La requérante, qui se borne à faire valoir qu’elle ne peut retourner dans son pays d’origine en raison des graves répercussions que cela aurait sur son état de santé, ne produit aucun élément de nature à établir la réalité des traitement inhumains et dégradant auxquelles elle serait exposée en cas de retour dans son pays d’origine. Par suite, le moyen tiré de ce que la décision attaquée aurait été prise en méconnaissance des stipulations précitées ne peut qu’être écarté.
En dernier lieu, pour les mêmes motifs que ceux énoncés au point 5 et 8 du présent jugement, Mme B… n’est pas fondée à soutenir que le préfet des Yvelines aurait méconnu les stipulations de l’article 8 de la convention européenne de sauvegarde des droits de l’homme et des libertés fondamentales.
Sur la décision fixant à trente jours le délai de départ :
En premier lieu, le moyen tiré de l’illégalité, par voie d’exception, du refus de titre de séjour et de l’obligation de quitter le territoire français doit être écarté.
En deuxième lieu pour les mêmes motifs que ceux énoncés au point 13 du présent jugement, Mme B… n’est pas fondée à soutenir que le préfet des Yvelines aurait méconnu les stipulations de l’article 3 de la convention européenne de sauvegarde des droits de l’homme et des libertés fondamentales.

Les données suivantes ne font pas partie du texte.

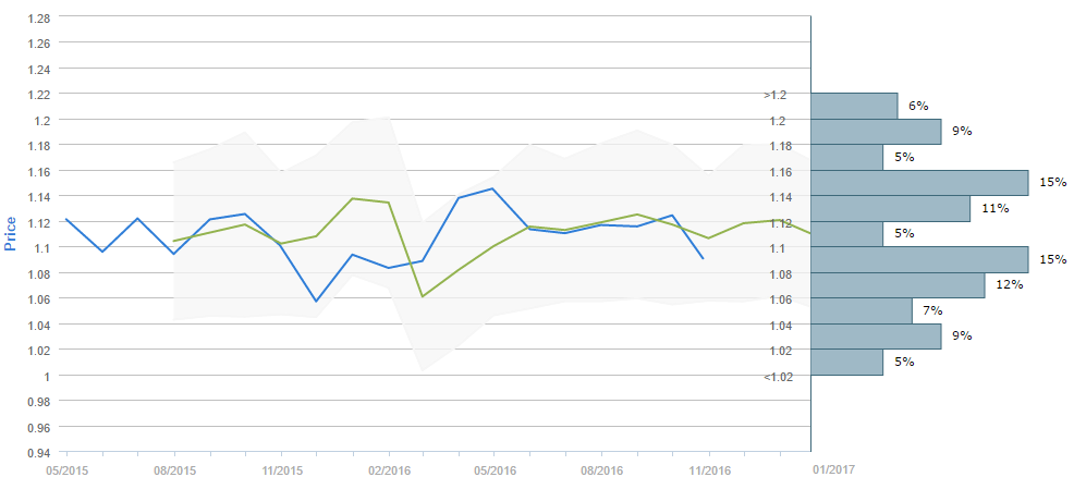 Average forecast says EUR/USD will trade below 1.12 in January

En dernier lieu, pour les mêmes motifs que ceux énoncés au point 5 et 8 du présent jugement, Mme B… n’est pas fondée à soutenir que le préfet des Yvelines aurait méconnu les stipulations de l’article 8 de la convention européenne de sauvegarde des droits de l’homme et des libertés fondamentales.
Il résulte de tout ce qui précède que les conclusions à fin d’annulation de la requête doivent être rejetées ainsi que, par voie de conséquence, les conclusions à fin d’injonction et d’astreinte.
D É C I D E :
Article 1er : La requête de Mme B… est rejetée.
Article 2 : Le présent jugement sera notifié à Mme B… et au préfet des Yvelines.
Délibéré après l’audience du 10 mars 2026, à laquelle siégeaient :
- M. Doré, président,
- Mme L’Hermine première conseillère,
- Mme Hardy, première conseillère.
Rendu public par mise à disposition au greffe le 24 mars 2026.
Le président-rapporteur,
signé
F. Doré
L’assesseure la plus ancienne,
signé
M. L’Hermine
La greffière,
signé
S. Paulin
La République mande et ordonne au préfet des Yvelines en ce qui le concerne, ou à tous commissaires de justice à ce requis en ce qui concerne les voies de droit commun contre les parties privées, de pourvoir à l’exécution du présent jugement.